Data section:
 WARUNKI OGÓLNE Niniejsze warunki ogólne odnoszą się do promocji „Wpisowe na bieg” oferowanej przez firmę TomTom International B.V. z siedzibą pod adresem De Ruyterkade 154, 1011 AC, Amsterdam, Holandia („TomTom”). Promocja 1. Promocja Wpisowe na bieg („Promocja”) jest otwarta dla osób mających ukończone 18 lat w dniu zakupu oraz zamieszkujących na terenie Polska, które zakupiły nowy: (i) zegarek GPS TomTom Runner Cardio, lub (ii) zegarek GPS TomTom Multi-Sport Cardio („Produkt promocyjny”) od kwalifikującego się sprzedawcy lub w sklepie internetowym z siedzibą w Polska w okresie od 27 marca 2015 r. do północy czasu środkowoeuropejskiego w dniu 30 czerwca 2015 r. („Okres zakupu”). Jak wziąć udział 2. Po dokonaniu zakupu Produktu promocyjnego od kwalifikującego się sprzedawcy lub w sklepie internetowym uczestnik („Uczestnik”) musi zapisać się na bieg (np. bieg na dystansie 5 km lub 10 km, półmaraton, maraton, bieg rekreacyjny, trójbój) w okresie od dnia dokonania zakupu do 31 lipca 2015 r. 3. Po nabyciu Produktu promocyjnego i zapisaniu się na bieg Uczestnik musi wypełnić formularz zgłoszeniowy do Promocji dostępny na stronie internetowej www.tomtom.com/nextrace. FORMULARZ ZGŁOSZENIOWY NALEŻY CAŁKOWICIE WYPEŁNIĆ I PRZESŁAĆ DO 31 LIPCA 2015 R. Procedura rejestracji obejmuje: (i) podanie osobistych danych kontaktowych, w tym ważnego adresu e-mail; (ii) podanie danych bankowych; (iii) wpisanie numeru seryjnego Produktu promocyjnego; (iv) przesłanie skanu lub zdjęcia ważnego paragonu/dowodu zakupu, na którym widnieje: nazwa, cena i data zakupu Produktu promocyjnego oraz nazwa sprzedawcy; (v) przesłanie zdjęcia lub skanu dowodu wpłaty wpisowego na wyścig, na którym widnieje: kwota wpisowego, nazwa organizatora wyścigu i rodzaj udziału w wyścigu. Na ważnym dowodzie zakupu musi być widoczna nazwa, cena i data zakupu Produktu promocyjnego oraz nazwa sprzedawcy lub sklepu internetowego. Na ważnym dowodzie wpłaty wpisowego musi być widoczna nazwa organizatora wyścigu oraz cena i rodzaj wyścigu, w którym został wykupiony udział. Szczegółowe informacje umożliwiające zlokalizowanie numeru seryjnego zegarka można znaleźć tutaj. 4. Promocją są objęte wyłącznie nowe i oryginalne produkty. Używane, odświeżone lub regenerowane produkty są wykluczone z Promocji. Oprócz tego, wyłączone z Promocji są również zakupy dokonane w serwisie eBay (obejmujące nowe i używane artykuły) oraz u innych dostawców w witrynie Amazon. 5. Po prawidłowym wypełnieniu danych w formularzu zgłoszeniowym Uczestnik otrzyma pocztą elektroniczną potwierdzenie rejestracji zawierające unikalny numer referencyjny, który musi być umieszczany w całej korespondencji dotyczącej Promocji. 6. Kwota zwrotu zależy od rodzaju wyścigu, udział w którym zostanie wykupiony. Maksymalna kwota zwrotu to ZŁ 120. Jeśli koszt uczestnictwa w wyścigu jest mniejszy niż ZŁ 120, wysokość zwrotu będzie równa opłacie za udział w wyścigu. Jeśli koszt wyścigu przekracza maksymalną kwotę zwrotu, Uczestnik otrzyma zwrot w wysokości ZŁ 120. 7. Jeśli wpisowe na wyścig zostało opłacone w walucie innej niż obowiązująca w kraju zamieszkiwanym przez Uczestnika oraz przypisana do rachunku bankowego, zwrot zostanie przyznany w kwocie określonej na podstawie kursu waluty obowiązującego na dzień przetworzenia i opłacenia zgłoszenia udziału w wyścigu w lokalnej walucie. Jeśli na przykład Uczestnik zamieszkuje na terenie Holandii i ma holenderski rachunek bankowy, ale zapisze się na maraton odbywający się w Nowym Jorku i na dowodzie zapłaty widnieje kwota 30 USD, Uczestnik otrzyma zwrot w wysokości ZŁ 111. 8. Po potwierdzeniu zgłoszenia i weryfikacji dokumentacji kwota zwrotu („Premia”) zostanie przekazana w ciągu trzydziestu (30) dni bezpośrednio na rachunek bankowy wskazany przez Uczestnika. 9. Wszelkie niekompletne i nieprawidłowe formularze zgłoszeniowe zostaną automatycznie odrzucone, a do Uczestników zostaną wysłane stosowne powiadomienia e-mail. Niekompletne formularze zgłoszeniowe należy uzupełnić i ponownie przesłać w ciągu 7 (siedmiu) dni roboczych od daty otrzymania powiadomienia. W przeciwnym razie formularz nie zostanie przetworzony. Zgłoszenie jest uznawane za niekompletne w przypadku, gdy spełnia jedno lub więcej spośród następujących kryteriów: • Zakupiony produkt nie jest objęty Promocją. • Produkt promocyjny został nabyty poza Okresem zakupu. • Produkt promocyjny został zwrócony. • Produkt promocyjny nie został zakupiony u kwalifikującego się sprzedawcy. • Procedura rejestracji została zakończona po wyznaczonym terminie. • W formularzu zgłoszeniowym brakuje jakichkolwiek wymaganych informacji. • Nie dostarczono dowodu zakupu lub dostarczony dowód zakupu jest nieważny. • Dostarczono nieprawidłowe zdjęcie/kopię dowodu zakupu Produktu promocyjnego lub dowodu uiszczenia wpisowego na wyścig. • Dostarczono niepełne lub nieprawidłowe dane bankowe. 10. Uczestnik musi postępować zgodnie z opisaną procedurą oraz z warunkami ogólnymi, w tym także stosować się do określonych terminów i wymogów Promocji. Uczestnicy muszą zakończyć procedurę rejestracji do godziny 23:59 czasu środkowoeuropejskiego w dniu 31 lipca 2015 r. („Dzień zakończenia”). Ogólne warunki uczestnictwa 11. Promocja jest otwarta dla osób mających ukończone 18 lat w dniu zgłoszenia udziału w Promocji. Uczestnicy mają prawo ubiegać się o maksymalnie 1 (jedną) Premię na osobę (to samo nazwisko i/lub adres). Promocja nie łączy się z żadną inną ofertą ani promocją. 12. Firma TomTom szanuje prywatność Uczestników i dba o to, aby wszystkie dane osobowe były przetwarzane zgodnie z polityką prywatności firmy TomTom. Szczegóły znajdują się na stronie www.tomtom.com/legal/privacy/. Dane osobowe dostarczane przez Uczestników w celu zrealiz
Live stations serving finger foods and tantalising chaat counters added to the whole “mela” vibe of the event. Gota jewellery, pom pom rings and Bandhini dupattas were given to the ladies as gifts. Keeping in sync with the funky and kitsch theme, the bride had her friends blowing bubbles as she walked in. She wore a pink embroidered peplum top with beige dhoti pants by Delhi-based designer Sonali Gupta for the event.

---

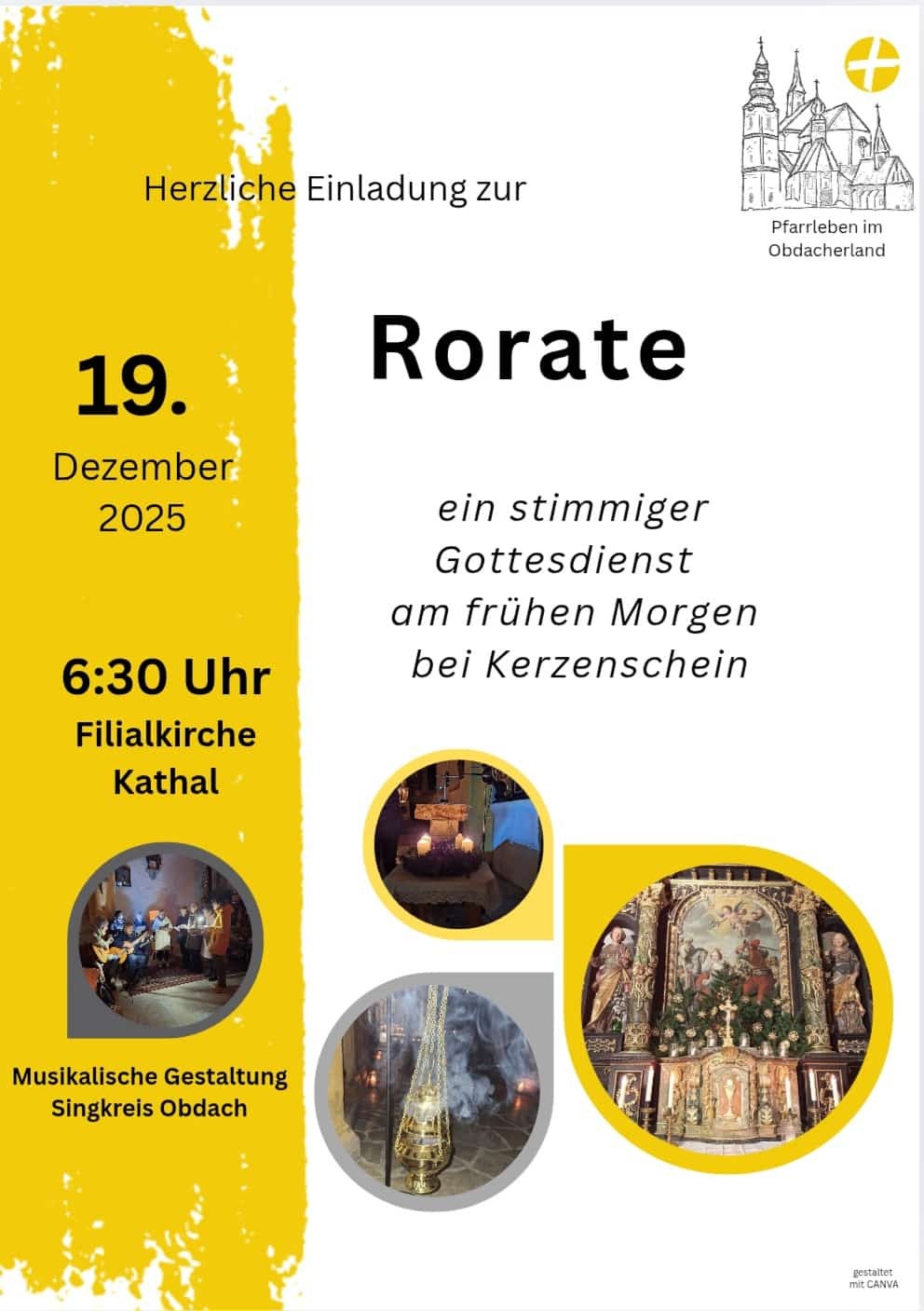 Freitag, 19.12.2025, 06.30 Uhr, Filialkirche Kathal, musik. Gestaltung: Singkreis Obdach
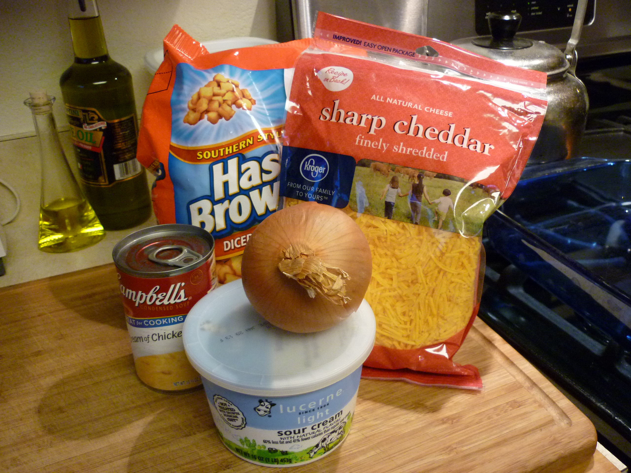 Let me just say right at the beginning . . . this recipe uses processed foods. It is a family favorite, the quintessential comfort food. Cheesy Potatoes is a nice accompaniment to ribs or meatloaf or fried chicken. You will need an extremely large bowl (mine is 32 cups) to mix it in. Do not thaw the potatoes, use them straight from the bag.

Work task: Give again, exactly as written above, every line from the one holding "Freitag, 19.12.2025, 06.30" to the one holding "Let me just", with both ends kept and the pictures left out.

The answer:
 Freitag, 19.12.2025, 06.30 Uhr, Filialkirche Kathal, musik. Gestaltung: Singkreis Obdach
 Let me just say right at the beginning . . . this recipe uses processed foods. It is a family favorite, the quintessential comfort food. Cheesy Potatoes is a nice accompaniment to ribs or meatloaf or fried chicken. You will need an extremely large bowl (mine is 32 cups) to mix it in. Do not thaw the potatoes, use them straight from the bag.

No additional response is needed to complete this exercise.